Так мы встретились с Зельдовичем, на счету которого уже была какая-то работа в кино — это был первый полнометражный его фильм, но до этого он снял фильм «Мальва», где работал у него композитором Андрей Головин, был такой московский человек. Но, в общем, решил он с Головиным не работать на этот раз, а решил рискнуть. Ему было ясно, — и я эту идею охотно принял — что есть две какие-то музыкально-эстетические сферы, которые надлежит воплотить в данном фильме. Я не буду говорить о том, что такое «Закат», все это знают, это связано с Бабелем, еврейская история. В этом же году вышло еще два фильма по Бабелю почему-то; всего три, стало быть, и один из них был мой. Одна тема — так называемая клезмерская музыка, музыка местечек, музыка еврейской диаспоры восточно-европейской. И вторая тема — танго, как он (Зельдович) мне сказал сразу. Вот было два ключевых понятия, танго и клезмерская музыка, их надлежало каким-то образом соединить. Танго тоже понятно почему — потому что это есть квинтэссенция некого шика в представлении бедного еврейского бандита. ‹…› Мне эта идея как-то сразу очень понравилась, потому что я уже тогда постепенно начинал понимать, что мне нравится приготавливать такие коктейли или, как бы сейчас сказали, фьюжн из малосоединимых вещей. То есть потом оказалось, что они прекрасно соединяются, но мне казалось, что до этого никто рационально не предпринимал подобных попыток. Я с большим увлечением стал работать над этой музыкой методом проб и ошибок.

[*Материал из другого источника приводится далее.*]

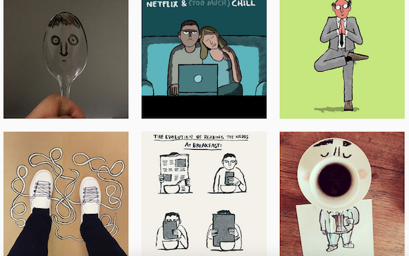 Jullien是以幽默的画风成名的。看他上传在自己Instagram上的创作,就可以看到他实际上非常擅长画一些刻画生活点滴的诙谐漫画,满满的都是生活的美好。
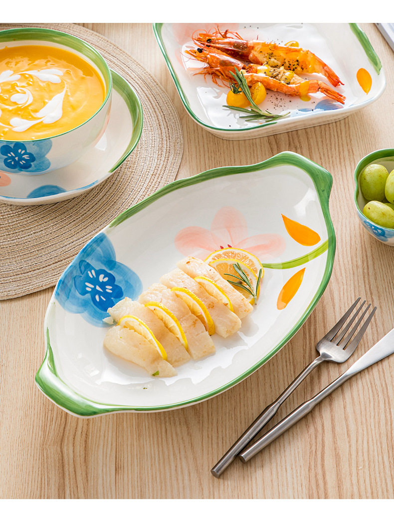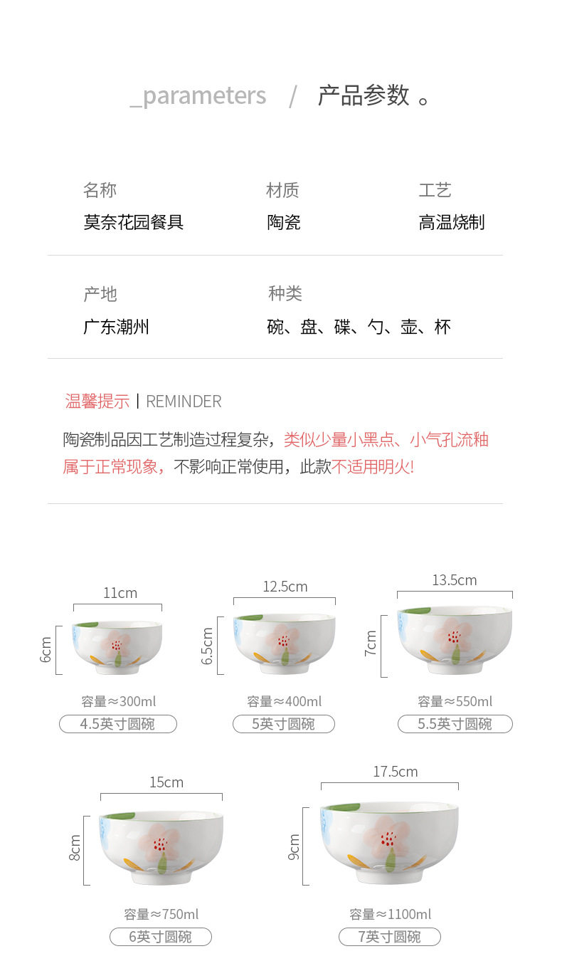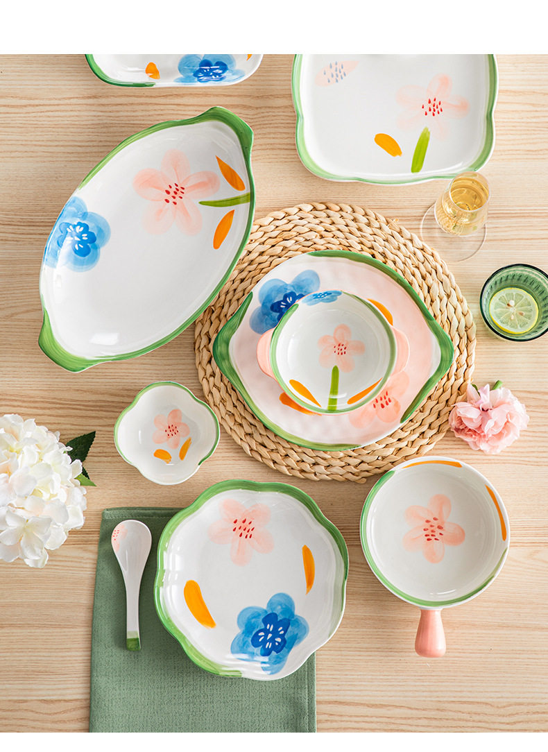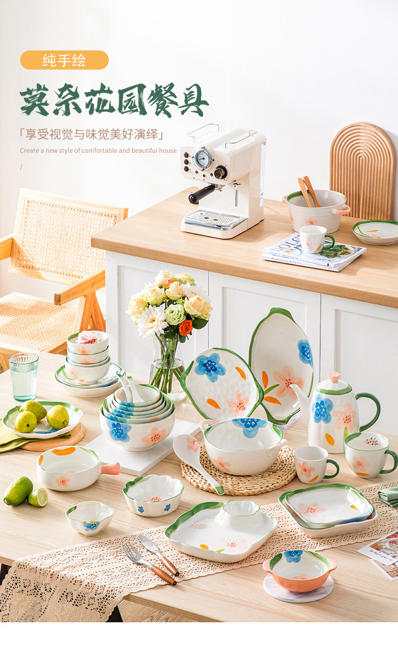 Wholesale Monet Garden Japanese pastoral style ceramic rice bowl flavor dish plate ins high color value Chaozhou tableware suit

Вообще, с Зельдовичем работать очень сложно (может быть, сейчас не так сложно, потому что я привык, сделал с ним уже три картины), не только мне, но и другим людям. Я знаю случай, когда монтажер, которая с ним работала, сразу после того, как закончилась работа, попала в психиатрическую больницу. В конце концов мы эту работу сделали. Есть такая проблема в кино: когда на съемках кто-то поет и пляшет, нужно, чтобы уже была музыка. Поскольку мы были люди достаточно неопытные, Саша просто снял этот эпизод, где у него два героя пляшут, и он ничтоже сумняшеся поставил туда музыку, которая называется, кажется, «Хава нагила». Я был, конечно, категорически против, не потому что это плохая музыка, нет, она прекрасна, но в сравнении с тем, что уже было написано для фильма, это было немножко не туда. И тогда я уже под изображение с помощью метронома и других нехитрых приспособлений и под музыку это самой народной песни, поняв, в каком темпе они танцуют, сочинил совершенно другую музыку. Этот эпизод получил рабочее название «Еврейская ламбада», и, в общем, все там сошлось.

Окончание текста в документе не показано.